### Task objective
In the material below, find the span from the line with "Questi cagnolini bianchi" to the line with "株式会社パテント・リザルトは" and transcribe only those lines, exactly, ends included, without the pictures.

### Data excerpts
*** Block opens ***

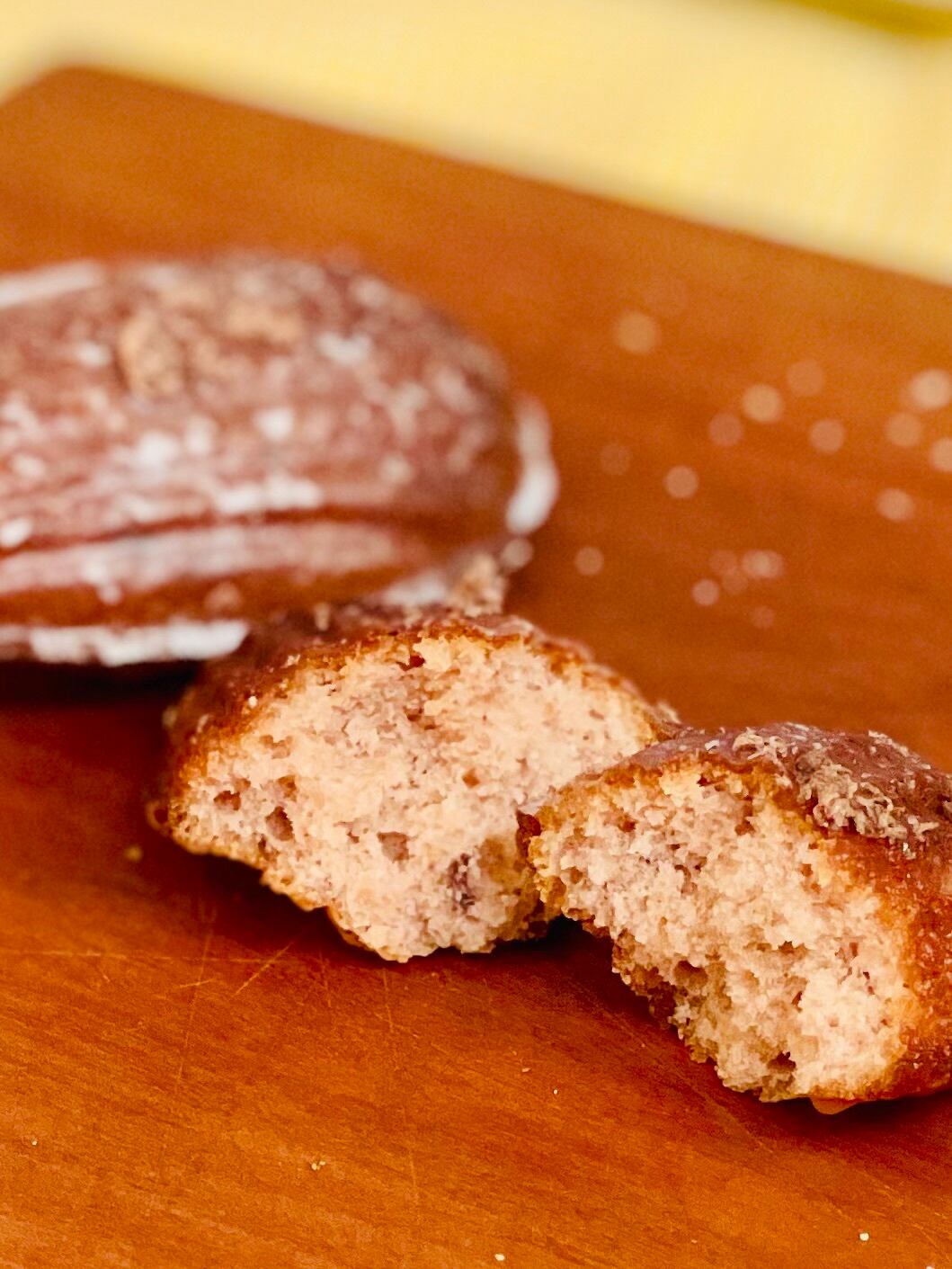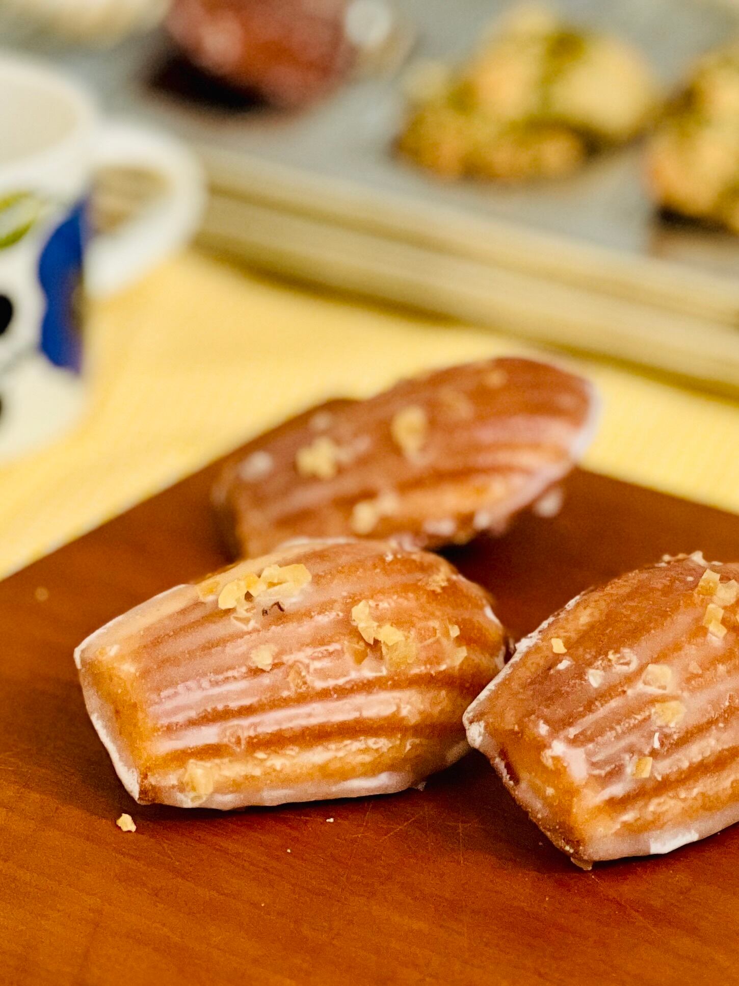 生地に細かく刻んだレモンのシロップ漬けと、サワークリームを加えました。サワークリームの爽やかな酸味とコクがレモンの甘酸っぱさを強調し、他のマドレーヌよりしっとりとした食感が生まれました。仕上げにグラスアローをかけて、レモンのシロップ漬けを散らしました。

*** Block closes ***
*** Block opens ***

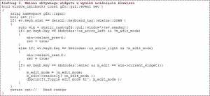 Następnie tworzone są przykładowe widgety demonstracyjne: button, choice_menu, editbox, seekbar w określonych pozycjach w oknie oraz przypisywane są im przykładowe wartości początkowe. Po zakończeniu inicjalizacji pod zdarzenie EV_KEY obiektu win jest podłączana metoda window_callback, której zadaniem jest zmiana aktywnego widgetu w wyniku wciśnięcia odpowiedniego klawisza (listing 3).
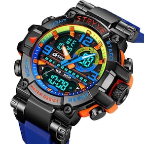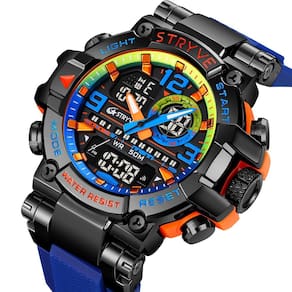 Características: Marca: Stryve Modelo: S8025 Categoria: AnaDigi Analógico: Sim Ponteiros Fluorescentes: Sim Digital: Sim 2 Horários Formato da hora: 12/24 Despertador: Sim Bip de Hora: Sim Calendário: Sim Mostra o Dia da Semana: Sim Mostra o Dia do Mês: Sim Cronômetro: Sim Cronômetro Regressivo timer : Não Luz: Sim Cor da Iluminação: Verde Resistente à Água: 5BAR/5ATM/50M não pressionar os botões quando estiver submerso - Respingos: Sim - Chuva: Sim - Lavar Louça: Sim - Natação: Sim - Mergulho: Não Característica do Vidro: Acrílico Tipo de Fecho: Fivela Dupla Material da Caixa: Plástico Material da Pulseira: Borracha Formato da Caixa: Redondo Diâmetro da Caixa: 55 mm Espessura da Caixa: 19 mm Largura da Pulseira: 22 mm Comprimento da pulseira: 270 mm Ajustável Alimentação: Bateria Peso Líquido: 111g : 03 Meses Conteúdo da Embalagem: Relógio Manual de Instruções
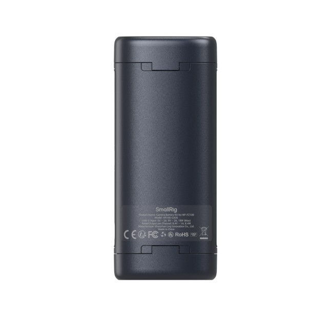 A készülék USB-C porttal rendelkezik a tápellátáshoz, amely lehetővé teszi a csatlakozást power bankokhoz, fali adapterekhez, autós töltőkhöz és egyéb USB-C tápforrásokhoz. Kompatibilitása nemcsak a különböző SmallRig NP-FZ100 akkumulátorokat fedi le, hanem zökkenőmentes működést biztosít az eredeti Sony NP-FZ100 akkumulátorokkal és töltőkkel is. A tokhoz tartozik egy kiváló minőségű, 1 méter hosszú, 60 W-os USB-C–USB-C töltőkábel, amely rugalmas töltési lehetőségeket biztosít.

*** Block closes ***
*** Block opens ***

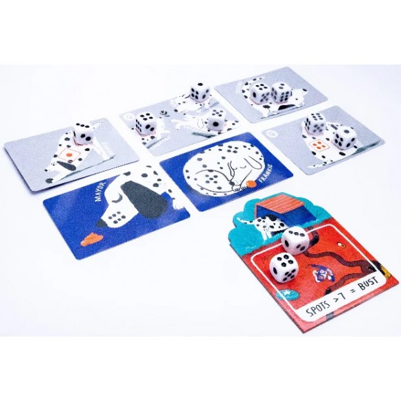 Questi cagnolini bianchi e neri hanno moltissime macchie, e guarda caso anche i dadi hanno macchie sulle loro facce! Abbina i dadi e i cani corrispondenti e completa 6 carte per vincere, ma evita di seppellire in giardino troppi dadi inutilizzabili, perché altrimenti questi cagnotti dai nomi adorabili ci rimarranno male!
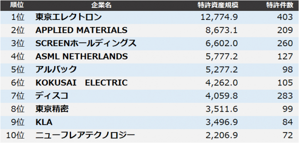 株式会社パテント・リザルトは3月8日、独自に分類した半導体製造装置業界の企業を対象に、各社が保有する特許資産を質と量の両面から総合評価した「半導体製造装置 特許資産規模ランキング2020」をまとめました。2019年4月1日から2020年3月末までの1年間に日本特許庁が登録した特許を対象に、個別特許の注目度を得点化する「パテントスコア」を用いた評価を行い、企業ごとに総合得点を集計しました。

*** Block closes ***

### Output of the task
 Questi cagnolini bianchi e neri hanno moltissime macchie, e guarda caso anche i dadi hanno macchie sulle loro facce! Abbina i dadi e i cani corrispondenti e completa 6 carte per vincere, ma evita di seppellire in giardino troppi dadi inutilizzabili, perché altrimenti questi cagnotti dai nomi adorabili ci rimarranno male!
 株式会社パテント・リザルトは3月8日、独自に分類した半導体製造装置業界の企業を対象に、各社が保有する特許資産を質と量の両面から総合評価した「半導体製造装置 特許資産規模ランキング2020」をまとめました。2019年4月1日から2020年3月末までの1年間に日本特許庁が登録した特許を対象に、個別特許の注目度を得点化する「パテントスコア」を用いた評価を行い、企業ごとに総合得点を集計しました。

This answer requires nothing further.